A Diachronic Approach to the term: Theology

February 18, 2008 at 6:06 am (Aristotle, Cult & Culture, Plato)

The usage of the term theology in Greek philosophical writings and its development in the Christian church has significance and can inform our understanding to the development of theology within Western Civilization.  The term theology in Greek philosophy developed from a general term relating to the poets who oversaw Greek mythology to a technical term related to the study of sacred revelation and tradition with the Christian church.  For this summary of the usage of the term theology within both the Greek philosophical and Christian theological history there is reliance upon the work of A. R. Sutherland, who provides an excellent description of the diachronic development of the term theology with its own context. 

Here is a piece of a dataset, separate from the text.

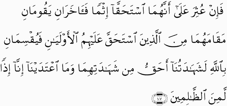 But if it is found that those two were guilty of perjury, let two others stand in their place [who are] foremost [in claim] from those who have a lawful right. And let them swear by Allah , "Our testimony is truer than their testimony, and we have not transgressed. Indeed, we would then be of the wrongdoers."

In sum, Plato in the Republic addressed the poets, who oversee the myths of the gods as engaging in a type of theology, but Plato remained skeptical of their treatment of the subject and desired a “more adequate treatment of the gods.”[1] Although Plato does recognize theology as a discipline, “he does not suggest that philosophy has any important contribution to make to the understanding of the gods.”[2]

Aristotle, in the Metaphysics, conceived of a branch of knowledge that expressed a belief “concerning the fundamental nature of being: it is a science, separate from the other sciences, on which the possibility of separate and distinct sciences depends.”[3] Although Aristotle does use the term theology in Plato’s sense, he did however develop the word theology as a synonym for the highest philosophy of the theoretical sciences.[4] 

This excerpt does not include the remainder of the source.